In the records below, find the line holding "トップス アウター セーター" and the line holding "Galaxy Display on". Set down both, with every line between them, exactly.
━━ MATERIALS PROVIDED
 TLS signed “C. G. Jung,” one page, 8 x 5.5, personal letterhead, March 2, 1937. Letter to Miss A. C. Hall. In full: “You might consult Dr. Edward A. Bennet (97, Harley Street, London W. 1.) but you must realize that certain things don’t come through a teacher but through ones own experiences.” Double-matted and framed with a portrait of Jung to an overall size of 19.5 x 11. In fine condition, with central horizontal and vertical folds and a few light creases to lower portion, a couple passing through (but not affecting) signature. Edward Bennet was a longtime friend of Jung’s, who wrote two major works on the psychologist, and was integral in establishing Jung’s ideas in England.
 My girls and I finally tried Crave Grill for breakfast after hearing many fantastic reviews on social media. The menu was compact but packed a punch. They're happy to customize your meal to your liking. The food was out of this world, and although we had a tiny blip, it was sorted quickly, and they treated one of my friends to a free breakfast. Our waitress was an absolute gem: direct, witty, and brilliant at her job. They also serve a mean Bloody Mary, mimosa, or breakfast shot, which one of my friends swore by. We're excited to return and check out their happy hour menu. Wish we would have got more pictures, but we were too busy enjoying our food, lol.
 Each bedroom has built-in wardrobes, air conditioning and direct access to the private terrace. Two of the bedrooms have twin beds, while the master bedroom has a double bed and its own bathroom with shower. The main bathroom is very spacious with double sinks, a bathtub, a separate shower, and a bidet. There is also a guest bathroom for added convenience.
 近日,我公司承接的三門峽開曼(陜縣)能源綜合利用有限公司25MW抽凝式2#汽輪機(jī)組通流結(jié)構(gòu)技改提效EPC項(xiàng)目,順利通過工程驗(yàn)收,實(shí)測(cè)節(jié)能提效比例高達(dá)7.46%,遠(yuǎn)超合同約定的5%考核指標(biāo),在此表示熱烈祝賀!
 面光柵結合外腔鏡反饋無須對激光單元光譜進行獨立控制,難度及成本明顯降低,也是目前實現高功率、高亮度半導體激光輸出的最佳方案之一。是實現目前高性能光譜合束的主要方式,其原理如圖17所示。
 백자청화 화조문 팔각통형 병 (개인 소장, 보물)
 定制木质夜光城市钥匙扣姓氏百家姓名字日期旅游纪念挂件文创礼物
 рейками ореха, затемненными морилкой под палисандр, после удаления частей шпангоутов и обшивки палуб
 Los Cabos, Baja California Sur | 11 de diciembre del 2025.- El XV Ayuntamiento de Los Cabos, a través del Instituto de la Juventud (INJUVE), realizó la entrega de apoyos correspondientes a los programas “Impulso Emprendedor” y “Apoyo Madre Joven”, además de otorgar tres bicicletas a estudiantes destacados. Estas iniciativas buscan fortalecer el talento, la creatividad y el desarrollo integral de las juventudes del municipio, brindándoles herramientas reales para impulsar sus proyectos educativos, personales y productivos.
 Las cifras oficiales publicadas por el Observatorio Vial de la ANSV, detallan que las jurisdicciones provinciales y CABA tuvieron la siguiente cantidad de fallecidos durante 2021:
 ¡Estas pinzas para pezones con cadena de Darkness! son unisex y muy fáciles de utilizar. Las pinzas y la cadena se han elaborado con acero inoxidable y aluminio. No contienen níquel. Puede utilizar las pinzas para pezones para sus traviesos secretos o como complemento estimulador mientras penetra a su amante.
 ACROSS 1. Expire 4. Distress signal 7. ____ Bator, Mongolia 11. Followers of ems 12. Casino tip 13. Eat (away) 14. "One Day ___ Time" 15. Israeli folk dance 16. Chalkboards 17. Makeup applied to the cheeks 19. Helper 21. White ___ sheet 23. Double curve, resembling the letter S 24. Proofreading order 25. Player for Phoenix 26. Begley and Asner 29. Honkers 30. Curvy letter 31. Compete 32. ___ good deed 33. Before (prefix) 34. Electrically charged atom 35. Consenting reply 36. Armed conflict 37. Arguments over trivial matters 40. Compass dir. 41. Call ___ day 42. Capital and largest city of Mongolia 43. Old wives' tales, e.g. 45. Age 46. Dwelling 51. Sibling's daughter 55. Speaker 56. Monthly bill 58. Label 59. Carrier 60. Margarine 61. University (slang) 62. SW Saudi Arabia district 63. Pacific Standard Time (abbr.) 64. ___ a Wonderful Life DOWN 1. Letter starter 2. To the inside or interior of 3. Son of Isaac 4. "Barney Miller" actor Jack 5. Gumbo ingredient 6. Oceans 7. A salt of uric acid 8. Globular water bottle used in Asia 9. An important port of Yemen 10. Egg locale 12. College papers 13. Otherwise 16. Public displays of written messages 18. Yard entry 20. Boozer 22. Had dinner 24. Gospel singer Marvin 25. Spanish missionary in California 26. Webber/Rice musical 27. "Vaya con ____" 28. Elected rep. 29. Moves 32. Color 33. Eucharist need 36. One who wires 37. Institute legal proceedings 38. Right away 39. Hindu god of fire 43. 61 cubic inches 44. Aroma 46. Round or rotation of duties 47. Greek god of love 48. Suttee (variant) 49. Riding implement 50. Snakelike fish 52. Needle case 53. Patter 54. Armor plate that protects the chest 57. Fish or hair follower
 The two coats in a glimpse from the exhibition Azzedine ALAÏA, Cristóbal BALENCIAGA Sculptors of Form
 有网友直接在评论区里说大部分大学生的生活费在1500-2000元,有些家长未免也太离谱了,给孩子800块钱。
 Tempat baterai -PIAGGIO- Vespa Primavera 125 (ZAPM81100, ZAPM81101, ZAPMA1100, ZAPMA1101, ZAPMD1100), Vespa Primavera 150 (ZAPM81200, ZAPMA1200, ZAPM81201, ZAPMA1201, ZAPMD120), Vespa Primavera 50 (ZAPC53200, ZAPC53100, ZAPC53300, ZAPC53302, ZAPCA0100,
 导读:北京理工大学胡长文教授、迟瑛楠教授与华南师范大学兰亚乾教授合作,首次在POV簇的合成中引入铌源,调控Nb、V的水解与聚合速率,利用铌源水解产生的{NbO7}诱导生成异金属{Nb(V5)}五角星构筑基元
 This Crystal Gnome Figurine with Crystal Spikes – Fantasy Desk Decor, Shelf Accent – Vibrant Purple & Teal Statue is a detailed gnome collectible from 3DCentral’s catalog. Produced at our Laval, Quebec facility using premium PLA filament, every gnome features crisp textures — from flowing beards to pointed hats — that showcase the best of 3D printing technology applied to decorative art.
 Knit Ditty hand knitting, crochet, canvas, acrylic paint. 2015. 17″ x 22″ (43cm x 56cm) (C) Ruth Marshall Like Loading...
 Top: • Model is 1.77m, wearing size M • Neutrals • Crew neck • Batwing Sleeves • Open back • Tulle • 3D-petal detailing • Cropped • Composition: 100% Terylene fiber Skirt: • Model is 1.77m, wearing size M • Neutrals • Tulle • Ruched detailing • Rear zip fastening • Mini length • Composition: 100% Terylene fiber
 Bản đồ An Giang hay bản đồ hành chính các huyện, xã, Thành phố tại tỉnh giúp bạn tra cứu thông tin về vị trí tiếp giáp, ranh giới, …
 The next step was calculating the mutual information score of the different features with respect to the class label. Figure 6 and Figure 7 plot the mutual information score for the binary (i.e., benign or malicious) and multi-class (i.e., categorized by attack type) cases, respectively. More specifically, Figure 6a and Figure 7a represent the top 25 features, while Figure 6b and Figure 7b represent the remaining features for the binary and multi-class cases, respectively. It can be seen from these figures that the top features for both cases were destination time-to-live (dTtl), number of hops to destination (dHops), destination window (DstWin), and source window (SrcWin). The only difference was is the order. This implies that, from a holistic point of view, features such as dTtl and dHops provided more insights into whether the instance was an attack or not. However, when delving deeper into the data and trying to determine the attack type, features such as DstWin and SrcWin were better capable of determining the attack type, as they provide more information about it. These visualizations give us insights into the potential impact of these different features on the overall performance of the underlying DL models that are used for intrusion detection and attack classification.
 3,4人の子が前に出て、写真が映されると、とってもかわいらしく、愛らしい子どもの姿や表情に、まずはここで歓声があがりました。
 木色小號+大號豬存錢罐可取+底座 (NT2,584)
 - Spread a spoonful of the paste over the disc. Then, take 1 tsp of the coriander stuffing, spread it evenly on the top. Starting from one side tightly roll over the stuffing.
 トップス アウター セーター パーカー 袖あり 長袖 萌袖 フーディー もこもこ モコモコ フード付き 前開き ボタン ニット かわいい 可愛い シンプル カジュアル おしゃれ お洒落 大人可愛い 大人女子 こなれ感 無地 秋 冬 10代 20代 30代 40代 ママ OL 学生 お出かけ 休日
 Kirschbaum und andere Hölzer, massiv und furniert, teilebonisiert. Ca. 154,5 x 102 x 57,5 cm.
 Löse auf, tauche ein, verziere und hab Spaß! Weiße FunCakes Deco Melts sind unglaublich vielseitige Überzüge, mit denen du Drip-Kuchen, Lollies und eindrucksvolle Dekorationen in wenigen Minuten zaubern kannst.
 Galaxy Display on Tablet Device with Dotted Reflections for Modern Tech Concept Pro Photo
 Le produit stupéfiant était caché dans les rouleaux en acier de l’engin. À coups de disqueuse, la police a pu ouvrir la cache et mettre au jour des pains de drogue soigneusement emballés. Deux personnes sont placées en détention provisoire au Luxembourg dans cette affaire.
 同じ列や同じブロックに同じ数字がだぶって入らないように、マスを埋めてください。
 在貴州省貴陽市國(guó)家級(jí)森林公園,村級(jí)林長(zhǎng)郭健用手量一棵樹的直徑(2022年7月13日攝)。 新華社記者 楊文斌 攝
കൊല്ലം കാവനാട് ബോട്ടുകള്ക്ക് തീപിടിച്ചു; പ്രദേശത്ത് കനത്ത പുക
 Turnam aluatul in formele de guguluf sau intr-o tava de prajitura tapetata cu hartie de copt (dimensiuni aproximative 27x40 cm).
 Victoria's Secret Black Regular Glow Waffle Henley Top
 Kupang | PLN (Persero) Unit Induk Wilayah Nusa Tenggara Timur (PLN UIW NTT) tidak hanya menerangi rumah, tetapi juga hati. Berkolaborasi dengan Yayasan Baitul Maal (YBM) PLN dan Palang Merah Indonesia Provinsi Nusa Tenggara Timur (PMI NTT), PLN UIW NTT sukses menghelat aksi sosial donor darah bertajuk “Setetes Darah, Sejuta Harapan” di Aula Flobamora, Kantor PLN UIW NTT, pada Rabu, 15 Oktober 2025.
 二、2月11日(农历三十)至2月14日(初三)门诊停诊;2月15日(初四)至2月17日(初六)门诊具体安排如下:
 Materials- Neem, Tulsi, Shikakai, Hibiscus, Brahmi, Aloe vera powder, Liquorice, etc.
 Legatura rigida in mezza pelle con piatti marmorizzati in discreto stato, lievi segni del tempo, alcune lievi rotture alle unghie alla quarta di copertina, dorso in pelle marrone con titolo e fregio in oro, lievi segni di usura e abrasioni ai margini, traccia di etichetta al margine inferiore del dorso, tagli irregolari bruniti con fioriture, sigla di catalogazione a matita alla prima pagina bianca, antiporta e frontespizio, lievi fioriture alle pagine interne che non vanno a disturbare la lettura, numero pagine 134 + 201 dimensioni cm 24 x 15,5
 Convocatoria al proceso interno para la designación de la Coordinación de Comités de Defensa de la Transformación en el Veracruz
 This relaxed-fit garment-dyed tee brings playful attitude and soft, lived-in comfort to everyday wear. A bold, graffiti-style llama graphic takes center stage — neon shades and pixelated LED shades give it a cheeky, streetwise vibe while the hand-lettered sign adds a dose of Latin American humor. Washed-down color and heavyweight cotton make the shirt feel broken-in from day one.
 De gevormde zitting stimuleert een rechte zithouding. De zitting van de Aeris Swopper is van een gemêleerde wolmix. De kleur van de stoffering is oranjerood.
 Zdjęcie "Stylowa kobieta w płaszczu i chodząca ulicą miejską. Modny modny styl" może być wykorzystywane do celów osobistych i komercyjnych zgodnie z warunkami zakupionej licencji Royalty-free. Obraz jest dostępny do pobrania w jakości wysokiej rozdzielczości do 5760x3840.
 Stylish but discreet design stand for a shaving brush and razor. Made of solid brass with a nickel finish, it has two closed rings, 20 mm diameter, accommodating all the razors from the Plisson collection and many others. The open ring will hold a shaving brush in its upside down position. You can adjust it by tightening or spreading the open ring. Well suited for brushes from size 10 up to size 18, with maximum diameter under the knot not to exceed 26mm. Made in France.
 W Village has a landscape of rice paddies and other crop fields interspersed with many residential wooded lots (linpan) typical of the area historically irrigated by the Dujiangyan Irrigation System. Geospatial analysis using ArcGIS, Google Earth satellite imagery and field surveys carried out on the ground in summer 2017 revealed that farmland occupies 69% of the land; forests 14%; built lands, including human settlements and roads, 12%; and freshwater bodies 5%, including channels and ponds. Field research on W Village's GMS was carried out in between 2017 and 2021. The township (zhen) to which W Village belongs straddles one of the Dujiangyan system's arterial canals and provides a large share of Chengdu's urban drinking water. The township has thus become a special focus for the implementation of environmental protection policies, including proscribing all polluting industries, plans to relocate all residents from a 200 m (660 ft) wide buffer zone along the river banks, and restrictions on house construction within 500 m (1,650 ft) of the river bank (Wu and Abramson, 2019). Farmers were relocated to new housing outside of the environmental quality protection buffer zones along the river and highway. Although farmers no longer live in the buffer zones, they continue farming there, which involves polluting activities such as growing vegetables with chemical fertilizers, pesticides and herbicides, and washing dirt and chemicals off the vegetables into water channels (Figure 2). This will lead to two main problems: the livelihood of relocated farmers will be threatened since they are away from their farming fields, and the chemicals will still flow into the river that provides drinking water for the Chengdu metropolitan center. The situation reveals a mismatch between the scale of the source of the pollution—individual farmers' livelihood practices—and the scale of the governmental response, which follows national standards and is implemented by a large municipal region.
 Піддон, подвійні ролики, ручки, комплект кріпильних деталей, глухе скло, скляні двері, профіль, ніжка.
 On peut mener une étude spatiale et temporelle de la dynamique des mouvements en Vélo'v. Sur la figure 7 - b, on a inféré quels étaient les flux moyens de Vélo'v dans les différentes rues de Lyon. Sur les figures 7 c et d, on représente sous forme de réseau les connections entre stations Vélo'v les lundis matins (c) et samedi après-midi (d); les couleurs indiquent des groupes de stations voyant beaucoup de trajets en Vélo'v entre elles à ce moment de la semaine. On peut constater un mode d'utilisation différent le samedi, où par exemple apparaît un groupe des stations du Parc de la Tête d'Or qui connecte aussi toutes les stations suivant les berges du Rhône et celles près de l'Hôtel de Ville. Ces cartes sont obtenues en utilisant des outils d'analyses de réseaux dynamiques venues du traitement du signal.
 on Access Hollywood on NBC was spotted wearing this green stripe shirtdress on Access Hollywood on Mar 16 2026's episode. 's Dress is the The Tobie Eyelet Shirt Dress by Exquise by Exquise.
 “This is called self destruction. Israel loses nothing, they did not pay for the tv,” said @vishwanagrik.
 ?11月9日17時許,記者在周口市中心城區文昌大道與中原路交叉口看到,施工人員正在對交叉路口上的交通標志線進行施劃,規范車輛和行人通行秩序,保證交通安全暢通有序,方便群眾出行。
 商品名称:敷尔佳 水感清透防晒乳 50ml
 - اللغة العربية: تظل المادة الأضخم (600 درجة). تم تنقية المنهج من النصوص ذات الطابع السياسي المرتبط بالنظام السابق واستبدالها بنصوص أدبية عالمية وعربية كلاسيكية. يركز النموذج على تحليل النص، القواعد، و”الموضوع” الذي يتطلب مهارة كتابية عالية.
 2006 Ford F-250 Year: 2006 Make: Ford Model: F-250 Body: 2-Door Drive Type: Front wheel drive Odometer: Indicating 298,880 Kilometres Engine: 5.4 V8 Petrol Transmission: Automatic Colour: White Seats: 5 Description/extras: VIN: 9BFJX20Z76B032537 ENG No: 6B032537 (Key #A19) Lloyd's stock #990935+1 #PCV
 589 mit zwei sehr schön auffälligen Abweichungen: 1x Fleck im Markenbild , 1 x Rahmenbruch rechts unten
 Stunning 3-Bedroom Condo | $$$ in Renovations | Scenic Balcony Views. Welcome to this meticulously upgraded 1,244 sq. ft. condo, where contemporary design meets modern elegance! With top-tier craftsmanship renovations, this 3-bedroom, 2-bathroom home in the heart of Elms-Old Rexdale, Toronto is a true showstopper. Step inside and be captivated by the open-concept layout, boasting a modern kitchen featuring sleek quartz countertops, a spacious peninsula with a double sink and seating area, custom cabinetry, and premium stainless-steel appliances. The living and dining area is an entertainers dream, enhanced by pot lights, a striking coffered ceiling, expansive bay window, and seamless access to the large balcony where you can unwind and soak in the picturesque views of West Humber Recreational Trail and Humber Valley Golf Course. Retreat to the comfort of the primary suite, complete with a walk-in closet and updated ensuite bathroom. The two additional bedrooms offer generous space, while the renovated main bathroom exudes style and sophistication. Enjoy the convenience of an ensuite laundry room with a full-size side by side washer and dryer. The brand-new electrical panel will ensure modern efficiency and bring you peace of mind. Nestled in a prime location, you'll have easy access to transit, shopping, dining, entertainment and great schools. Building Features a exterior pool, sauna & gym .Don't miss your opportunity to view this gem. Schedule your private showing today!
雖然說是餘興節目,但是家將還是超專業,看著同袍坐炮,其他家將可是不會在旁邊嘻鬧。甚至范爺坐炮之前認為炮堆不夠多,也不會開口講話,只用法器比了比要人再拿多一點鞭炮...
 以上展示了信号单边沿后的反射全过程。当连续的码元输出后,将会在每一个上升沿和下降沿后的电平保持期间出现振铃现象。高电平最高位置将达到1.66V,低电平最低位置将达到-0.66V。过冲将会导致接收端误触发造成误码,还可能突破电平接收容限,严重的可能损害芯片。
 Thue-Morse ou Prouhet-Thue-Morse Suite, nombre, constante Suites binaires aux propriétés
━━━━
ANSWER SPACE:
 トップス アウター セーター パーカー 袖あり 長袖 萌袖 フーディー もこもこ モコモコ フード付き 前開き ボタン ニット かわいい 可愛い シンプル カジュアル おしゃれ お洒落 大人可愛い 大人女子 こなれ感 無地 秋 冬 10代 20代 30代 40代 ママ OL 学生 お出かけ 休日
 Kirschbaum und andere Hölzer, massiv und furniert, teilebonisiert. Ca. 154,5 x 102 x 57,5 cm.
 Löse auf, tauche ein, verziere und hab Spaß! Weiße FunCakes Deco Melts sind unglaublich vielseitige Überzüge, mit denen du Drip-Kuchen, Lollies und eindrucksvolle Dekorationen in wenigen Minuten zaubern kannst.
 Galaxy Display on Tablet Device with Dotted Reflections for Modern Tech Concept Pro Photo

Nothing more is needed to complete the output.